En el costado oriental de la carrera 7ª de Bogotá, entre las calles 70 y 70A, hay una casa preciosa que parece el escenario perfecto para un cuento de hadas, príncipes y fantasmas. Se llama Villa Adelaida, y fue construida para ser el hogar de una familia que amaba el arte, la pedagogía y la naturaleza; las letras, la libertad de pensamiento y de conciencia.
Por eso hicieron en el jardín una estructura inmensa (no una jaula), para que los pájaros que necesitaban protección pudieran estar allí y tuvieran espacio para volar a su antojo; por eso había en los salones esculturas traídas de Europa y pinturas de los grandes artistas de la época; por eso los frescos de yeso en las cornisas; por eso los vitrales y el cuarto del niño enfermo, para los cuidados de quien padeciera un cuadro contagioso.
Y hubo un cuarto de juegos y no de armas como habían sugerido los arquitectos, porque ni Don Agustín Nieto Caballero ni su esposa Adelaida Cano habrían aceptado algo que le rindiera culto a las armas. La biblioteca y el estudio eran espacios de alegría, descubrimiento y curiosidad por el saber, la literatura y la filosofía. Allí los hijos de don Agustín (Alberto, Guillermo, Adelaida, Jaime y Gloria que era la recién llegada al mundo) aprendieron el amor por el arte y los libros. Agustín, el sexto hijo, nació 5 años después.
Luego de la crisis financiera de los años 30, la familia se arruinó económicamente, perdió la casa y Don Agustín, humanista de tiempo completo, le dijo a su mujer: “Adelaida, ahora sí vamos a poder educar bien a los niños.”
Ése era don Agustín, mi abuelo, mejor dicho, el abuelo de 28 nietos, el padre de 6 hijos y de un colegio.
En los años 60 Villa Adelaida la compró el Gran Vatel, un templo de la comida francesa, preparada como los dioses por el chef Marcel Goerres, nacido en Luxemburgo en 1913 y fallecido en Bogotá en 1970. Marcel era un hombre inmenso (en todo el sentido de la palabra), un maestro de la gastronomía y un hombre efusivo y solidario.
En los 80 y los 90 vinieron épocas muy oscuras para el país y para la casa. La mafia que se fue apoderando de estructuras de poder político y económico, se tomó la mansión y la llenó de los objetos y comportamientos propios de las mafias: derroche de dinero, apuestas, orgías, y una desafiante reverencia por lo ilegal.
Gracias a las autoridades ese nefasto capítulo tuvo un punto final; pero luego vinieron para Villa Adelaida años de vacío y desolación; el pasto crecía al interior de la casa, los peldaños se quebraron, los maderos de las puertas se llenaron de nidos sin pájaros y las paredes se despellejaron como la piel de un tiempo enfermo y vencido.
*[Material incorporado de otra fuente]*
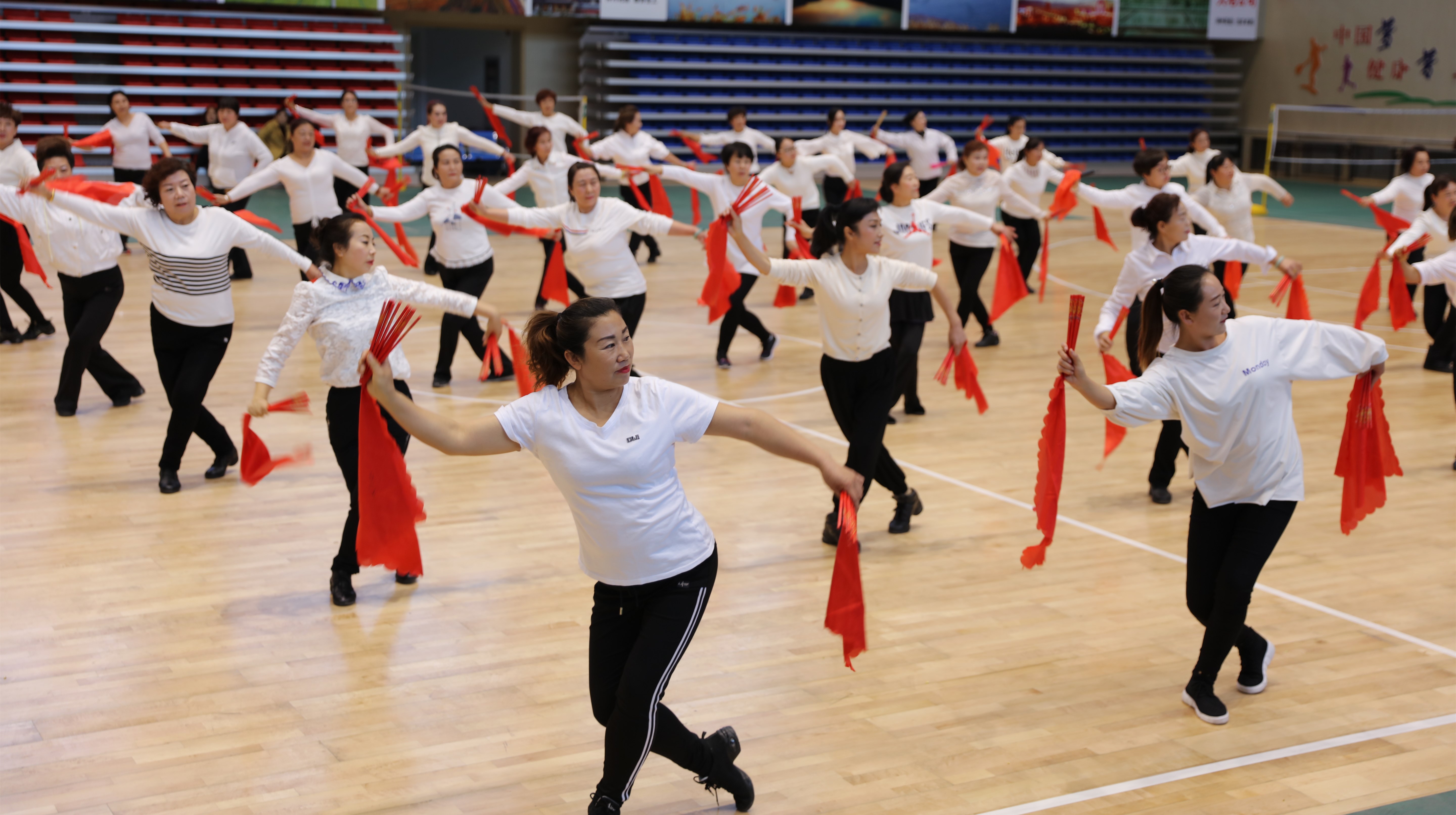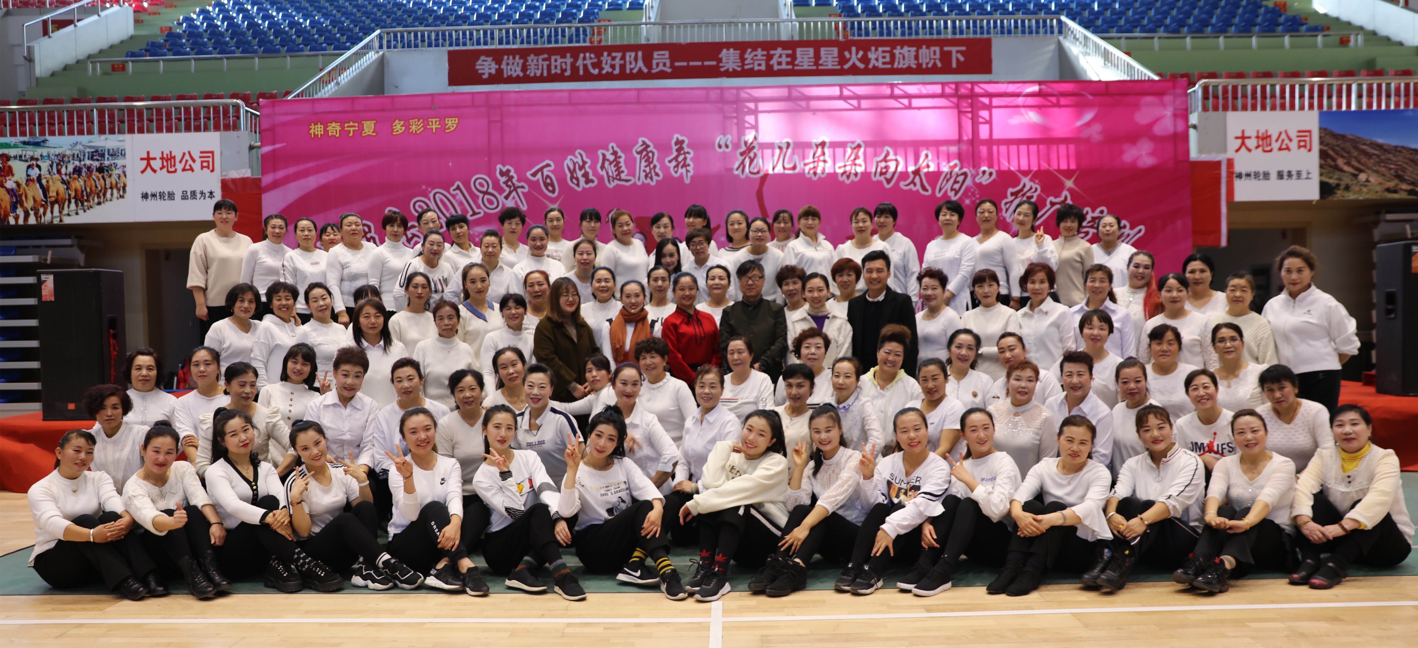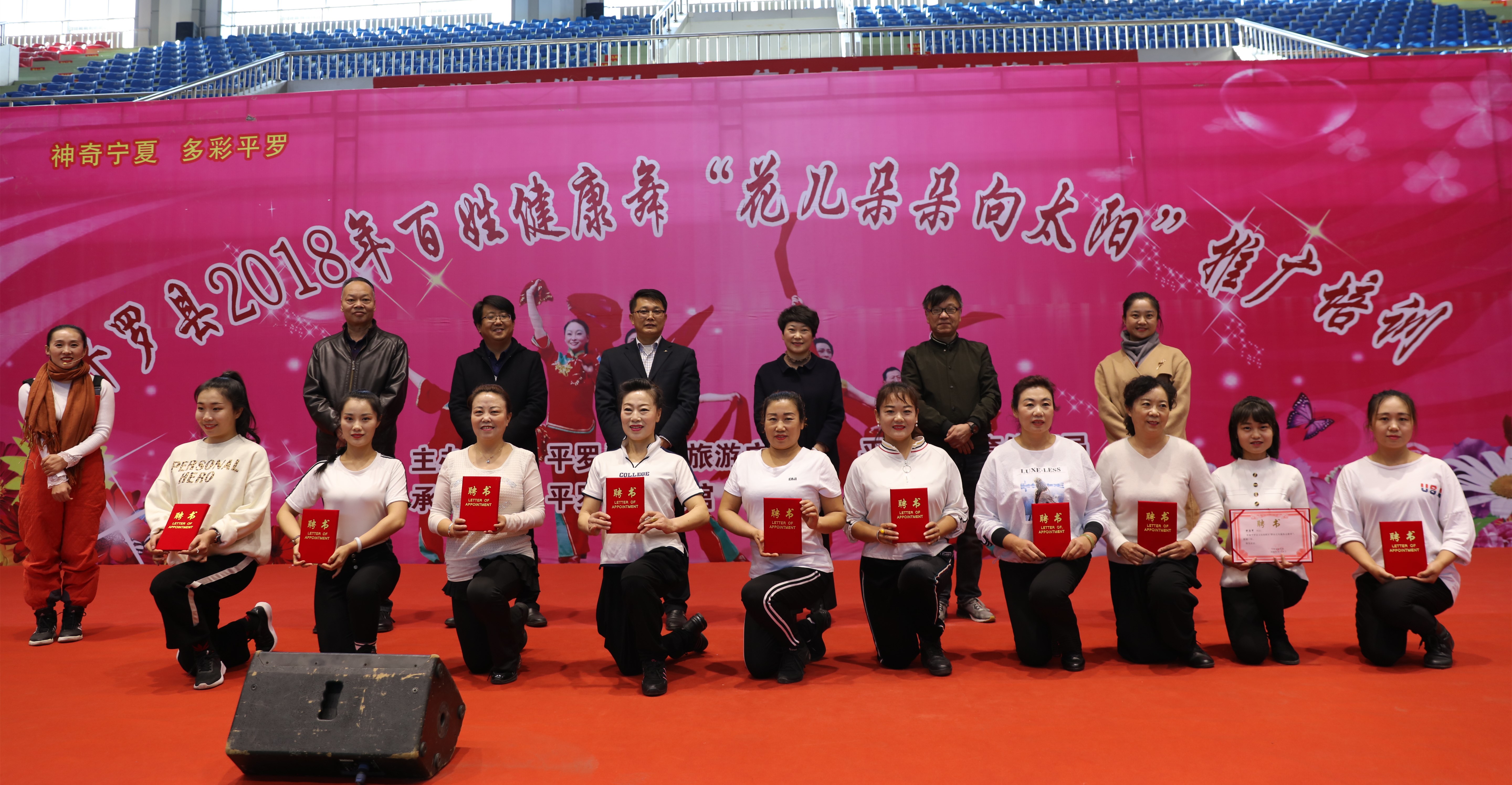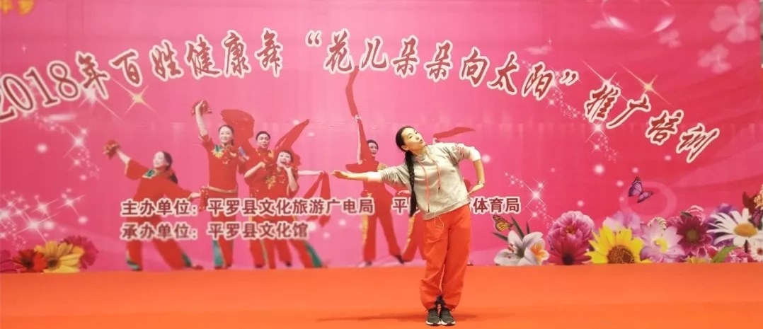 贺兰山高黄河水长,我的宁夏川春风浩荡....一首《花儿朵朵向太阳》的旋律从平罗县文体健身中心一楼的体育馆中传出,为期4天的平罗县百姓健康舞“花儿朵朵向太阳”推广培训班今天到了成果展示汇报的时刻,平罗县县委宣传部、文化旅游广电局、教育体育局有关领导观看了此次汇报演出,并给培训学员颁发了结业证书和优秀学员“群众文化服务志愿者”聘书。

El ático se cubrió de telarañas, y a la biblioteca por donde un día se pasearon las letras de Víctor Hugo y de Charles Perrault, las enseñanzas de María Montessori y de Jean Piaget, y la poesía de Amado Nervo y de Baudelaire, las invadió un silencio tan inmóvil que dolía.
Luego vino con el arquitecto Ulloa y como una bocanada de luz y de oxígeno, la reconstrucción de Villa Adelaida; quedó lindísima, llegaron las exposiciones de la Fundación de Amigos del Museo Nacional y así empezó la resurrección.
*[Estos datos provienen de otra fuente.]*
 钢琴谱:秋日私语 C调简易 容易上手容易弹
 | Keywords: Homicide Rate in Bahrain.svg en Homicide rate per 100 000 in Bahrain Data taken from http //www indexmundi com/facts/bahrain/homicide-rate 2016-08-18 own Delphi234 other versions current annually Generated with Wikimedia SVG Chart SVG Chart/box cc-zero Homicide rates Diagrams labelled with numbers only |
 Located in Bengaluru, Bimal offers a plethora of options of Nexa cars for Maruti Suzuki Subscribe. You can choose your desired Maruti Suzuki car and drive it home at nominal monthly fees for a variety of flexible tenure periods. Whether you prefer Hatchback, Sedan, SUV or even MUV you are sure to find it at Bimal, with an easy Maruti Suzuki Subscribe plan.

Hoy recibo con felicidad y expectativa el anuncio de las actividades que desarrollará en la casa el Ministerio de las Culturas: Galería de artes plásticas y visuales, innovación, diseño y formación en artes escénicas. ¡Bienvenida Kasa Raíz, “la casa del pasado y del futuro”! Villa Adelaida renace de la mano del Ministerio, y en algún lugar del Cielo habrá una celebración porque la casa del cuento vuelve a abrir las puertas en clave de arte, cultura y creatividad.